Bead probe technology is technique used to provide electrical access to printed circuit board circuitry for performing in-circuit testing. It makes use of small beads of solder placed onto the board's traces to allow measuring and controlling of the signals using a test probe. This permits test access to boards on which standard ICT test pads are not feasible due to space constraints.
Description
Bead probe technology is a probing method used to connect electronic test equipment to the device under test within a bed of nails fixture. The technique was first used in the 1990s and originally given the name “Waygood Bump” after one of the main proponents, Rex Waygood. They are also commonly referred to as solder bumps. Bead probes were designed for when less than 30 mil is available for test probe points on the PCB. They are used with standard ICT spring-loaded test probes to connect the test equipment to the DUT.
Bead construction
Bead probes are made from a very small "beads" of solder that fit atop of the PCB traces. They are manufactured using the same techniques as other solder features. Construction requires a hole to be opened in the solder mask, exposing the copper trace. This hole is sized to precisely control the amount of metal that forms the bead. Solder paste is applied to the location and reflowed. During reflow, solder flows and is drawn to the copper trace. Surface tension causes the bead to have a curved surface and rise above the solder mask, where it solidifies into a Bead Probe. The bead will be roughly in shape and may be 15-25 mils long. A properly constructed bead is the same width as the trace and just enough to clear the surrounding solder mask. The bead is then accessible for testing using a probe with a flat end, which can help compensate for the tolerance build up in the test fixture and PCB.
Advantages
Bead probe can be used in circuits where the pin-pitch is too fine to allow standard test pads. This is becoming more common as pin pitches continue to reduce, particularly in embedded devices. Typically bead probe widths are the width of the PCB traces with a length of about three times this. This allows a high degree of flexibility in their positioning, and can in some cases be applied retrospectively to existing layouts. Because of their small size, bead probes do not affect the signal quality of the signals transferring within the PCB trace. This is especially useful in high speed input/output interconnects, where a standard test pad would interfere with the signal.
Disadvantages
The soldering process that forms the bead probe leaves a coating of flux. Depending on the manufacturing process used, this flux can have varying levels of hardness. Flux with a waxy hardness can reduce the deformation force from the bead, preventing proper contact with the test probe during the first pass contact. This becomes less of an issue on subsequent contacts as the flux is displaced. Test probes with serrated ends of an appropriate size can also aid in measuring bead probes where flux is an issue.

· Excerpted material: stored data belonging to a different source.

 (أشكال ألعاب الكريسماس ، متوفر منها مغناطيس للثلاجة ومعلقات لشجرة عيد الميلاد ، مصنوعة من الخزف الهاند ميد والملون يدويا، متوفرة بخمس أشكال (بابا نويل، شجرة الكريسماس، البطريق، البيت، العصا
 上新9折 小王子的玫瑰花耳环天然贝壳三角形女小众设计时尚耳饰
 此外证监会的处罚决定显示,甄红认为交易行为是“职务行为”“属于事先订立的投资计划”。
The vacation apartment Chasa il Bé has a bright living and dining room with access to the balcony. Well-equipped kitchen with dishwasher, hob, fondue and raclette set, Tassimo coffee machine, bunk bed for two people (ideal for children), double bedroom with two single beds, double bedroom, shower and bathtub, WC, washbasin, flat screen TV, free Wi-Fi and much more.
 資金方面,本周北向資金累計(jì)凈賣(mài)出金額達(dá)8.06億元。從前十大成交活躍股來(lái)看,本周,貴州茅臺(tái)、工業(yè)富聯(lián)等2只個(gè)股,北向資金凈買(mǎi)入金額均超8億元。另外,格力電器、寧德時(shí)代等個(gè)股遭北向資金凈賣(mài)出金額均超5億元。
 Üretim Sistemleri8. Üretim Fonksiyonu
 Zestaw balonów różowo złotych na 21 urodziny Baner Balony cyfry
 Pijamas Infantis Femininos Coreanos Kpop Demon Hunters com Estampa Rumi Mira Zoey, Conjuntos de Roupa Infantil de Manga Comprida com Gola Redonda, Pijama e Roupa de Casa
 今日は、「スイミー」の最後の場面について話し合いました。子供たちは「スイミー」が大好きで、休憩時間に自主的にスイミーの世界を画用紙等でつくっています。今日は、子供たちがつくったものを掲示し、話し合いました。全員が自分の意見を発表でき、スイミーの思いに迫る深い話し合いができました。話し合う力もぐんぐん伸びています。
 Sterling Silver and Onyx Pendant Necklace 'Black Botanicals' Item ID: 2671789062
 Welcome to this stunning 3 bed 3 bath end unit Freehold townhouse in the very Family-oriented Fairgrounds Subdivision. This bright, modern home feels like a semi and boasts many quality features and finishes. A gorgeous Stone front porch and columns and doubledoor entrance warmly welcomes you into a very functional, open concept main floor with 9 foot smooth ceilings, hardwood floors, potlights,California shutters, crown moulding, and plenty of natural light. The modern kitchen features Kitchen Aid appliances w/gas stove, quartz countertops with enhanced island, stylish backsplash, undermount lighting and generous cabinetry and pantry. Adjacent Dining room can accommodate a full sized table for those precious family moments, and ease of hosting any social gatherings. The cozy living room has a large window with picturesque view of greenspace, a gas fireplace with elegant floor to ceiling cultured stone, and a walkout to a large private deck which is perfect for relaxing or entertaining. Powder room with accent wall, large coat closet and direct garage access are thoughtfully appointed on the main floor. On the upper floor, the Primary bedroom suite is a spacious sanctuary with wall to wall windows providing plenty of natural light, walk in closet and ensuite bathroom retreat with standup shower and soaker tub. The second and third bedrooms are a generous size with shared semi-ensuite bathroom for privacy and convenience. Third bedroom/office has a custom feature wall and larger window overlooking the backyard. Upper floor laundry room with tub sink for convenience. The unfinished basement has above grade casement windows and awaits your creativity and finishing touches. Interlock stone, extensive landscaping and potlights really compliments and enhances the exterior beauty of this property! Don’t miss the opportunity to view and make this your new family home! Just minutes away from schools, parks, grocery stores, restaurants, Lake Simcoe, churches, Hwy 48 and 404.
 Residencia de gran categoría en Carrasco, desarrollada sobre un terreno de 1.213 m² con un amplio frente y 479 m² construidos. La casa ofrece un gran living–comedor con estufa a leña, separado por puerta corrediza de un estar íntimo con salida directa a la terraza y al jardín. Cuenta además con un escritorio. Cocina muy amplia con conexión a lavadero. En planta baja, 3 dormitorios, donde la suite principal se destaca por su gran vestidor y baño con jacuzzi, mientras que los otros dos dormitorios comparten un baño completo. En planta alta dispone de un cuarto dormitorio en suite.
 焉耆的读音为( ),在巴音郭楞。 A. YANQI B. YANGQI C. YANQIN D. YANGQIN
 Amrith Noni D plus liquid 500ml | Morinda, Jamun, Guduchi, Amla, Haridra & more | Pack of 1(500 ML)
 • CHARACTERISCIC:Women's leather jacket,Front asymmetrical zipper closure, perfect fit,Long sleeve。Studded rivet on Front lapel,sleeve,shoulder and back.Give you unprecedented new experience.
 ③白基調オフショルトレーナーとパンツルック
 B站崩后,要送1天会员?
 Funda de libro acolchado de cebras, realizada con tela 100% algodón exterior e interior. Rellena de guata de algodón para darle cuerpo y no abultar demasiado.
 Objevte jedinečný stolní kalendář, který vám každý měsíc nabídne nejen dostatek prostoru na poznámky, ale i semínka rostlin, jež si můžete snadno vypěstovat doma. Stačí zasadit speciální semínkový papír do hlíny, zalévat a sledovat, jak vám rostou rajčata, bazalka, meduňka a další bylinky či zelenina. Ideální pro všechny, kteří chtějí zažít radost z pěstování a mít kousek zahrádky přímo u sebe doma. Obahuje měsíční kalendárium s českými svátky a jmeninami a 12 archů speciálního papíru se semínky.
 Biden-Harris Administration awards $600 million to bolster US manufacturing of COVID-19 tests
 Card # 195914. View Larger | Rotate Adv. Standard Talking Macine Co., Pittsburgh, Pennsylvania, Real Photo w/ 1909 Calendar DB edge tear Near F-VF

Bead probes require the trace being tested to be located on the surface. This makes it unsuitable for testing high-density boards with many obscured or internal traces and buried vias.
Alternatives
Boundary scan integrates test components into the integrated circuits mounted on the board, giving the ability to read or drive the ICs' pins. This allows for testing of interconnects for which physical access is not an option, such as BGA components or signal routes sandwiched between plane layers. A boundary scan controller uses four or more dedicated pins on the board to control test cells serially and receive the measured values. It has the disadvantage of needing board infrastructure to support boundary scan.
Test Access Component uses a device such as a 0201 as a target for a large probe as in the solder bump examples. The advantage of this technique is that it provides two target points at each end of the package. The disadvantage of this technique is it can add process and cost to the PCB.
A technique has been described which opens up windows in the solder mask to create test points located directly on PCB tracks. This technique uses a conductive rubber tipped probe to contact the test point which could have a conductive Hot Air Solder Levelling finish.